┌──

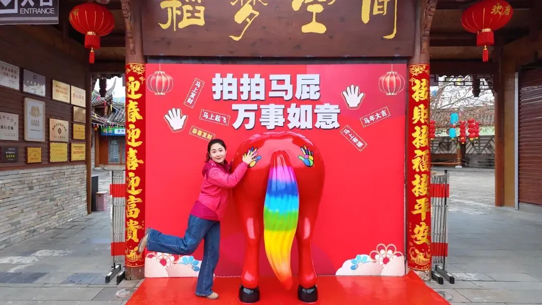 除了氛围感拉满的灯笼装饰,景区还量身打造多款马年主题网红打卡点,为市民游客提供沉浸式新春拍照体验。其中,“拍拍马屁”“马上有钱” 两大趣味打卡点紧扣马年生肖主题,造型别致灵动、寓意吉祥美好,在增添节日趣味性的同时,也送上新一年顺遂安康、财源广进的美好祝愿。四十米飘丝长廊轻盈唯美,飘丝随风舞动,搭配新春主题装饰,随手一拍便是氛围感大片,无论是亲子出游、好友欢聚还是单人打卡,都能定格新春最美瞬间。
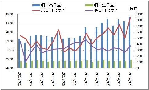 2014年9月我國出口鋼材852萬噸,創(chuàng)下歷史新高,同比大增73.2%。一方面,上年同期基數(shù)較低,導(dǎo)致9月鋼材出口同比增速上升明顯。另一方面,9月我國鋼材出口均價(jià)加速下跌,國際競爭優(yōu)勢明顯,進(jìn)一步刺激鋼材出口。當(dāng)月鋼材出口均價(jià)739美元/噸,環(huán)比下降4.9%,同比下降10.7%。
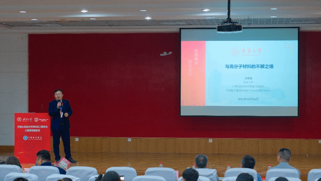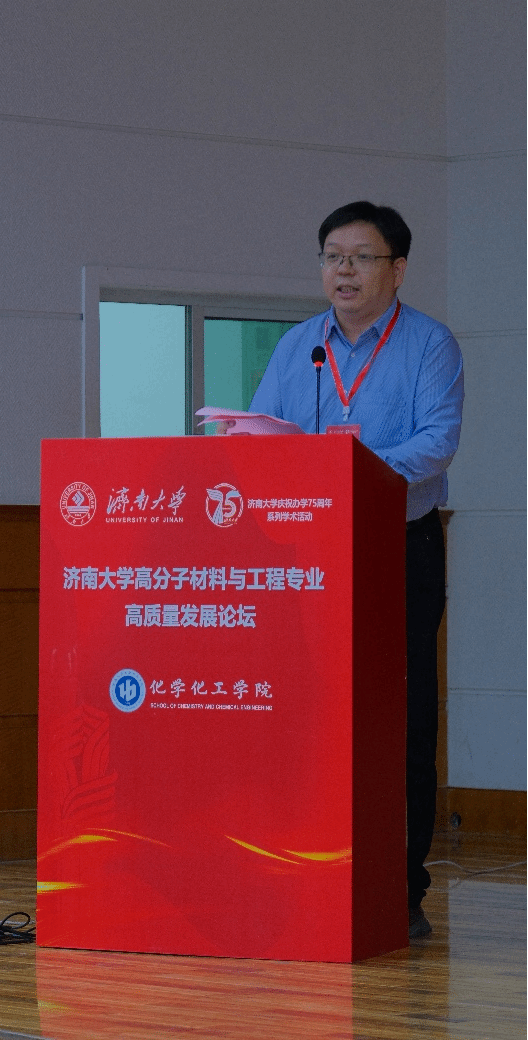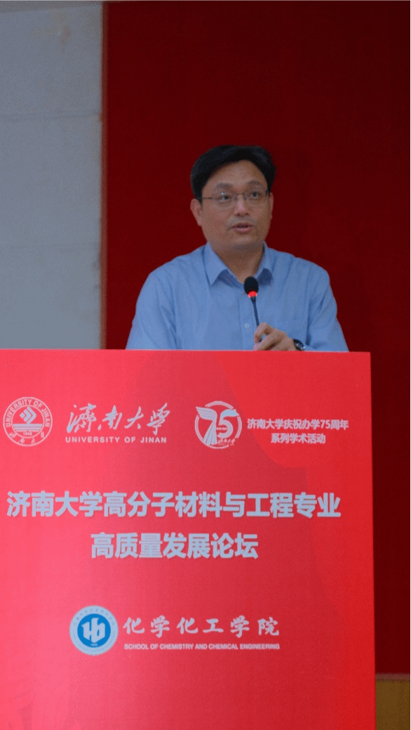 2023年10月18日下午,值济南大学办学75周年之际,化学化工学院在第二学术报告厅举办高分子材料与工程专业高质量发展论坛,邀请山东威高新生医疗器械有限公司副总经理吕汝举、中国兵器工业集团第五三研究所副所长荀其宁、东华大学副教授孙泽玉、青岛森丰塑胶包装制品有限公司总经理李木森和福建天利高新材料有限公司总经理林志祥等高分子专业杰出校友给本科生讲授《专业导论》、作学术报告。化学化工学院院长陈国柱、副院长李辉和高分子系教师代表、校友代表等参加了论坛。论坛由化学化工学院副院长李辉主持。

└──

▶ **Goal of the exercise**: Copy the entire listing exactly but skip the pictures.

▶ **Response**:
 除了氛围感拉满的灯笼装饰,景区还量身打造多款马年主题网红打卡点,为市民游客提供沉浸式新春拍照体验。其中,“拍拍马屁”“马上有钱” 两大趣味打卡点紧扣马年生肖主题,造型别致灵动、寓意吉祥美好,在增添节日趣味性的同时,也送上新一年顺遂安康、财源广进的美好祝愿。四十米飘丝长廊轻盈唯美,飘丝随风舞动,搭配新春主题装饰,随手一拍便是氛围感大片,无论是亲子出游、好友欢聚还是单人打卡,都能定格新春最美瞬间。
 2014年9月我國出口鋼材852萬噸,創(chuàng)下歷史新高,同比大增73.2%。一方面,上年同期基數(shù)較低,導(dǎo)致9月鋼材出口同比增速上升明顯。另一方面,9月我國鋼材出口均價(jià)加速下跌,國際競爭優(yōu)勢明顯,進(jìn)一步刺激鋼材出口。當(dāng)月鋼材出口均價(jià)739美元/噸,環(huán)比下降4.9%,同比下降10.7%。
 2023年10月18日下午,值济南大学办学75周年之际,化学化工学院在第二学术报告厅举办高分子材料与工程专业高质量发展论坛,邀请山东威高新生医疗器械有限公司副总经理吕汝举、中国兵器工业集团第五三研究所副所长荀其宁、东华大学副教授孙泽玉、青岛森丰塑胶包装制品有限公司总经理李木森和福建天利高新材料有限公司总经理林志祥等高分子专业杰出校友给本科生讲授《专业导论》、作学术报告。化学化工学院院长陈国柱、副院长李辉和高分子系教师代表、校友代表等参加了论坛。论坛由化学化工学院副院长李辉主持。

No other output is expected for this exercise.